Blessed be for time alone. Blessed be for time with others.”
Here’s what I wrote about the Hermit in the Gaian Tarot companion book:
The Hermit retreats from the company of others to replenish his soul in solitude as he communes with the natural world. He listens to the calls of birds as he writes and sketches in his journal at twilight time. He ponders his own mortality, and the gifts and challenges of aging.
His guardian is the Barred Owl, who sees keenly in the darkness and embodies silent wisdom. From the sacred smoke of burning sage, visions rise of spirit animals. The Loon, with its primal eerie call, leads the Hermit into the waters of his dreams and ancestral memories. Wolf, the moon’s ally, reminds the Hermit that he is part of a pack or tribe, even when he spends time apart from it. The Merlin is a magical, shapeshifting raptor who shares its name with the Wise Old Man of Arthurian legend. All three are teachers of the Hermit’s soul.
When you get this card in a reading . . .
Your spirit is crying out for a time of sacred solitude. You need to withdraw from the world to focus on your inner life and spirituality. Perhaps you have been wounded in the “wars of the world,” or perhaps you are fatigued and empty from putting out so much energy, especially if you are a caregiver. Your well is empty and it needs to be filled.

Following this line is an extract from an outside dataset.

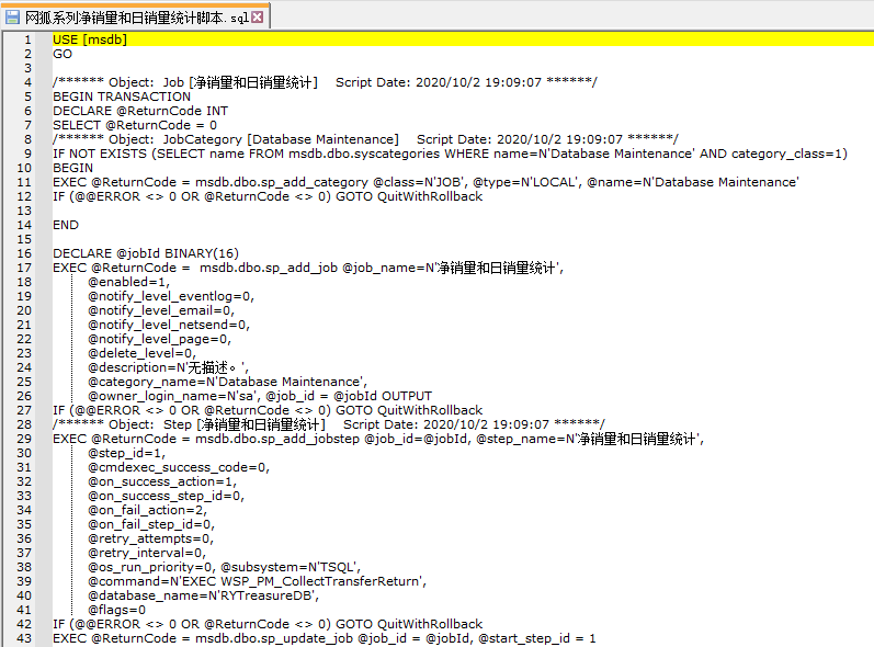 EXEC @ReturnCode = msdb.dbo.sp_add_jobstep @job_id=@jobId, @step_name=N'净销量和日销量统计',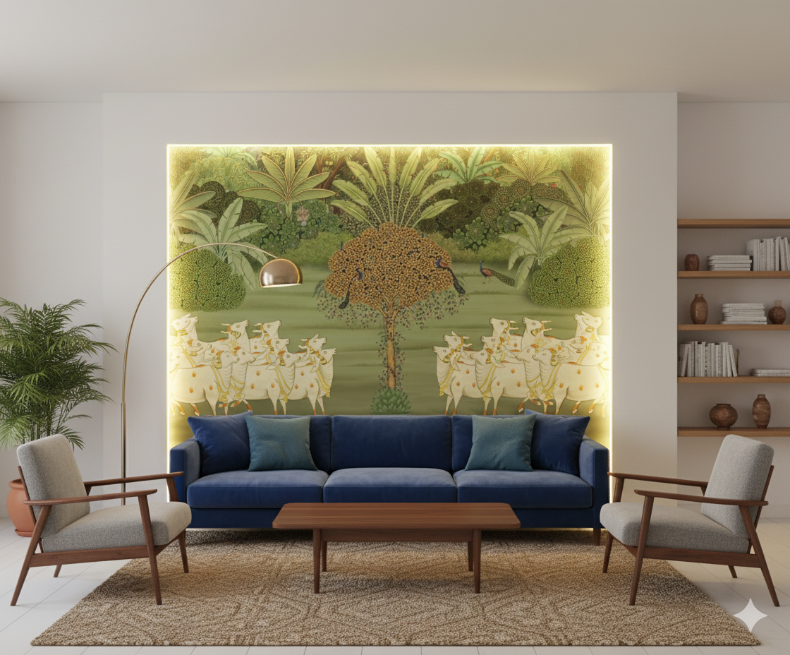 The heart of "Yamuna Tat" lies in its graceful herd of Pichwai-style cows, adorned with traditional garlands and decorative elements. These revered animals, depicted with gentle eyes and serene expressions, are synonymous with Vrindavan and the pastoral life of Lord Krishna. Their presence infuses the scene with a sense of peace, abundance, and devotion.

Take some time out for a retreat. Go away to the mountains or the sea, by yourself, without partner or friends. Spend time outside in nature, observing the changes in your environment day by day. Your inner wisdom and sense of well-being will grow effortlessly the more time you spend outside. When you once again enter community life, others will be drawn to the light they see inside you and may come to you for guidance. For part of your purpose is to share what you’ve learned with others.
I retreat from the world in order to refresh my spirit.
What does the Hermit say to you, dear Readers?
And . . . what card do you pull in answer to the question: What is it I am meant to do in this lifetime?